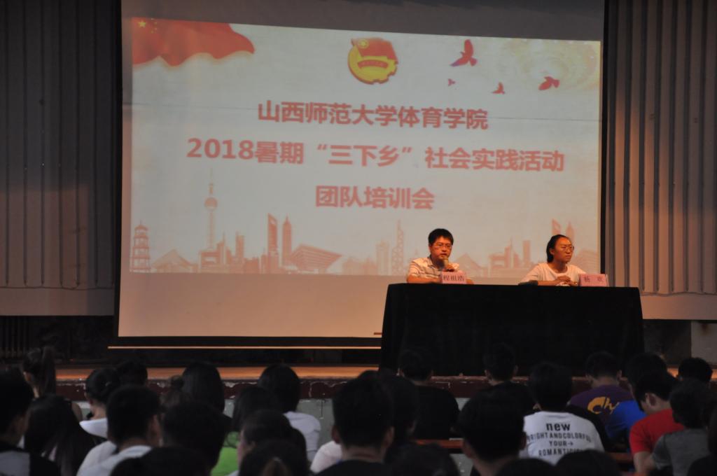 为扎实有效的开展暑期“三下乡”社会实践活动,7月2日中午13点,304永利集团于大礼堂举办2018年暑期“三下乡”社会实践活动培训会。院团委副书记程祖浩老师、团委副书记杨欢、以及44支校院两级实践团队共计350余名同学参加了本次培训会。
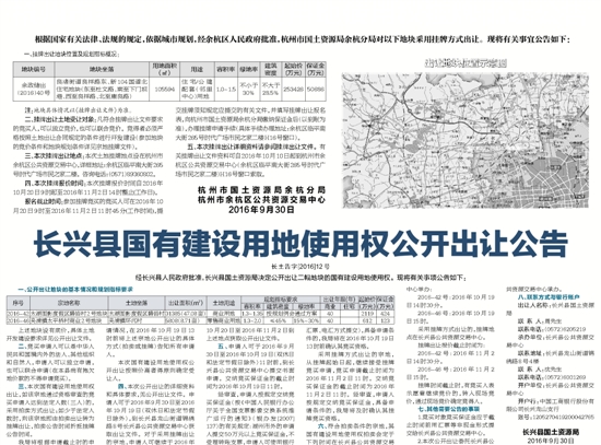 五、本次挂牌出让详细资料请参阅挂牌出让文件。有关挂牌出让文件资料可自2016年10月10日起到杭州市余杭区公共资源交易中心(余杭区临平南大街265号时代广场市民之家二楼)H16号窗口索取。
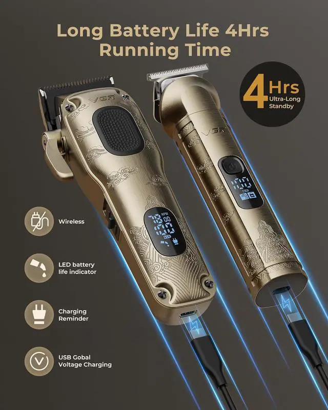 Long Battery Life for All-day Use, Cordless and Rechargeable - Powerful battery was built in the VGR mens clippers and grooming set can run up to 240 minutes for multiple cuts on a single charge. Wireless design makes it easy to use. USB charging with universal voltage support.
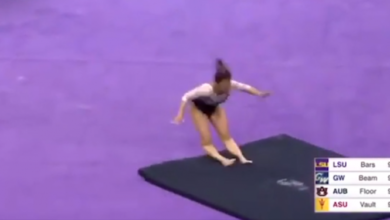 Na última sexta-feira (5), a ginasta Sam Cerio quebrou as duas pernas durante o NCAA gymnastics, campeonato universitário de…
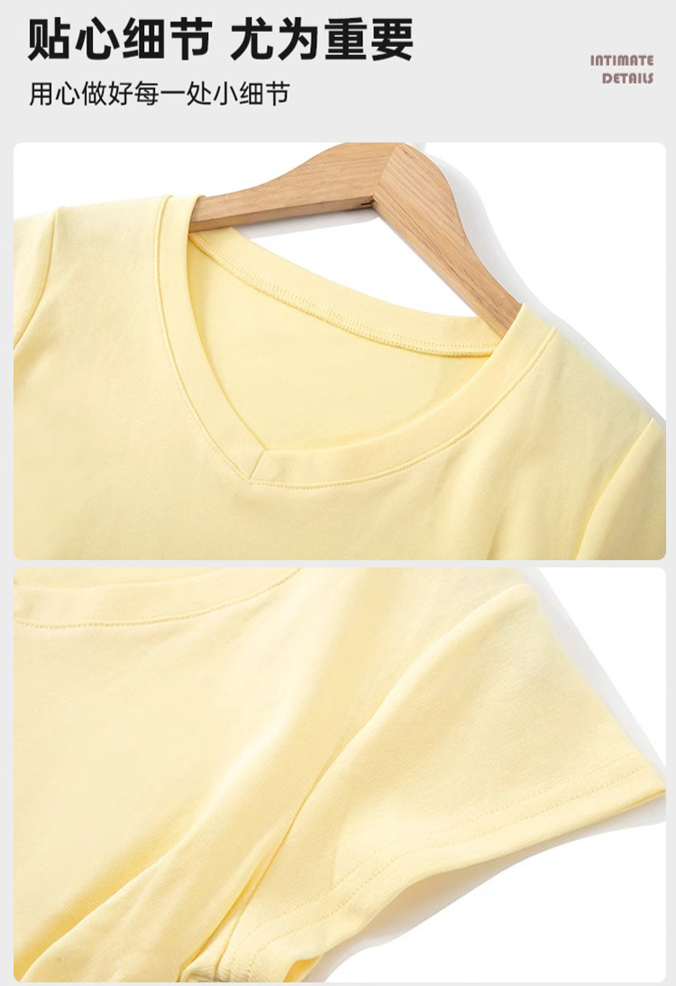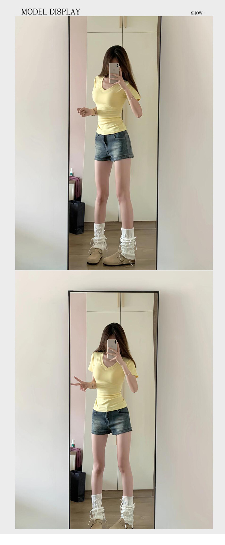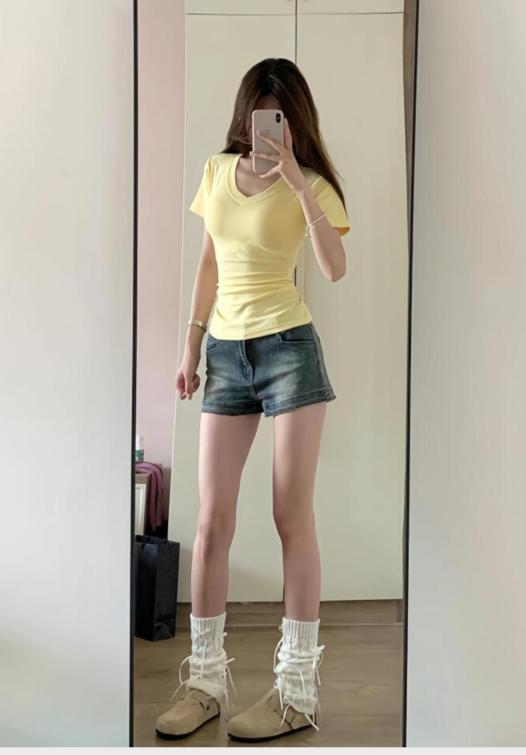 ミルクイエロー V ネック右肩スリム半袖レディース T シャツ夏タイトウエストドーパミンウェアトップス痩身半袖
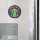 Uma imã salve a data de aniversário (ou outro evento) com uma bela ilustração de um cacto, com grandes olhos kawaii, vestindo um sombrero vermelho. O plano de fundo é uma imagem do quadro
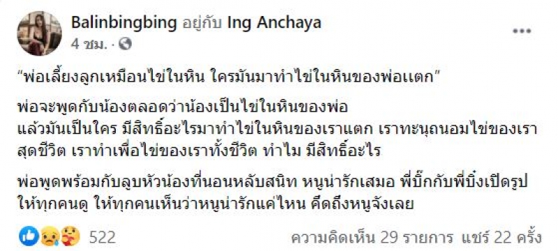 พ่อเลี้ยงลูกเหมือนไข่ในหิน ใครมันมาทำไข่ในหินของพ่อเเตก พ่อจะพูดกับน้องตลอดว่าน้องเป็นไข่ในหินของพ่อ
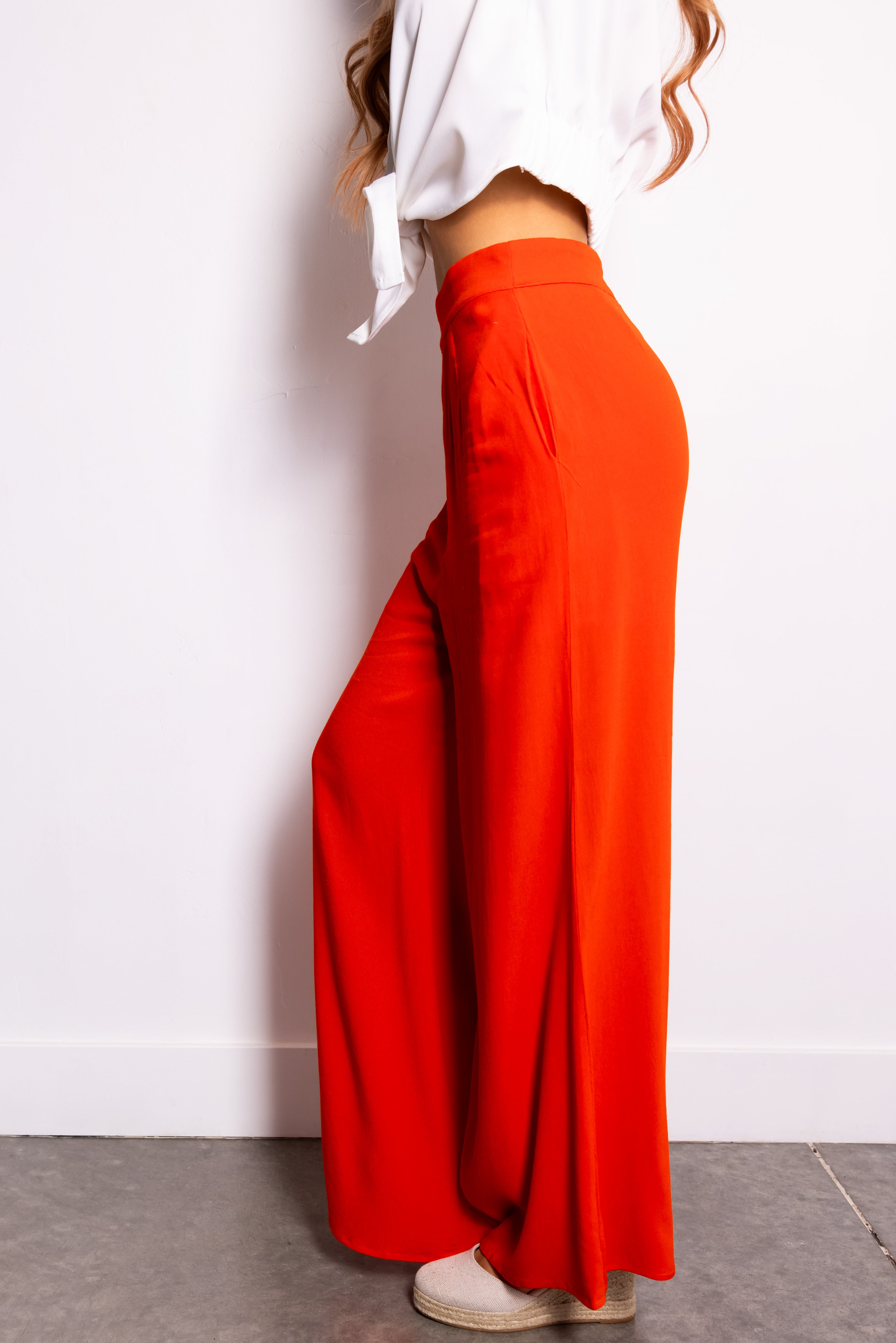 Experience chic comfort with our Bright Fire High Waist Wide Leg Pants in sizes S, M, and L. Featuring a non-stretchy woven fabric, banded high waist, asymmetrical hem, and 2 side pockets, these pants offer a stylish yet functional addition to your wardrobe. Embrace the rayon materials quality, hand wash delicately to maintain its integrity. Perfect for casual or daytime wear, these pants will elevate your style effortlessly. Feel confident and trendy all day long!
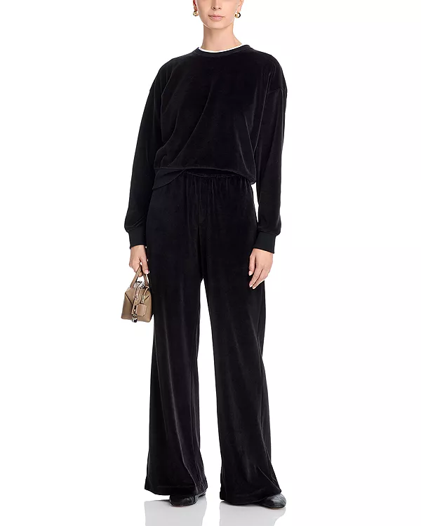 Велюровые расклешенные брюки Atm, черный 33 701₽
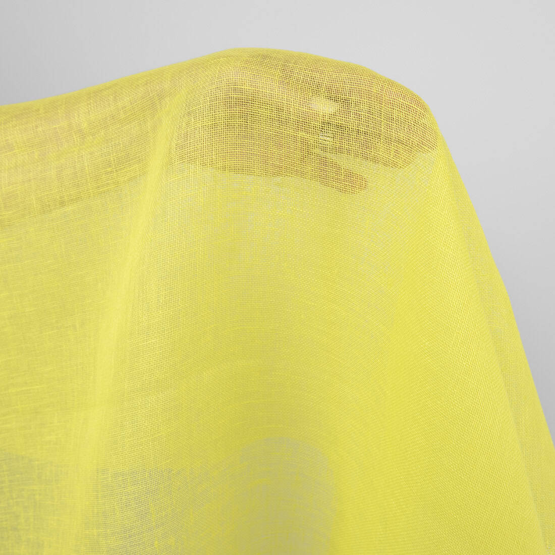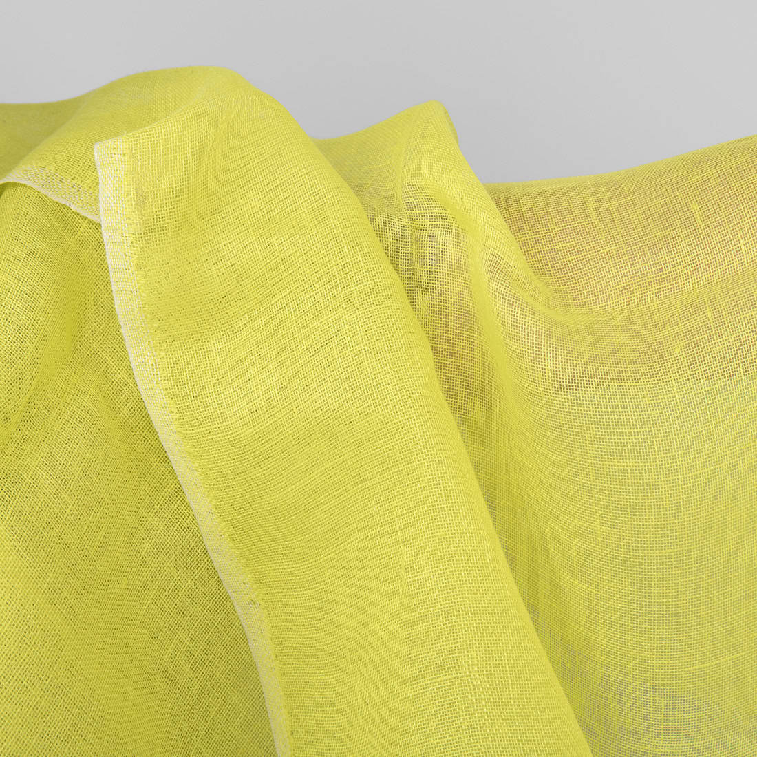 Transparenter 100% Leinenstoff in Neon-gelb (grelles Grüngelb) ist in einer Leinwandbindung ganz offen gewebt, leicht, dünn. Ideal für Schals, Accessoires oder Gardinen geeignet.

_ _ _ _ _

- _What you need to do_: Please write out only the material above, exactly, from its first line through the line that contains "五、本次挂牌出让详细资料请参", and include no pictures.

- _Answer for this exercise_:
 为扎实有效的开展暑期“三下乡”社会实践活动,7月2日中午13点,304永利集团于大礼堂举办2018年暑期“三下乡”社会实践活动培训会。院团委副书记程祖浩老师、团委副书记杨欢、以及44支校院两级实践团队共计350余名同学参加了本次培训会。
 五、本次挂牌出让详细资料请参阅挂牌出让文件。有关挂牌出让文件资料可自2016年10月10日起到杭州市余杭区公共资源交易中心(余杭区临平南大街265号时代广场市民之家二楼)H16号窗口索取。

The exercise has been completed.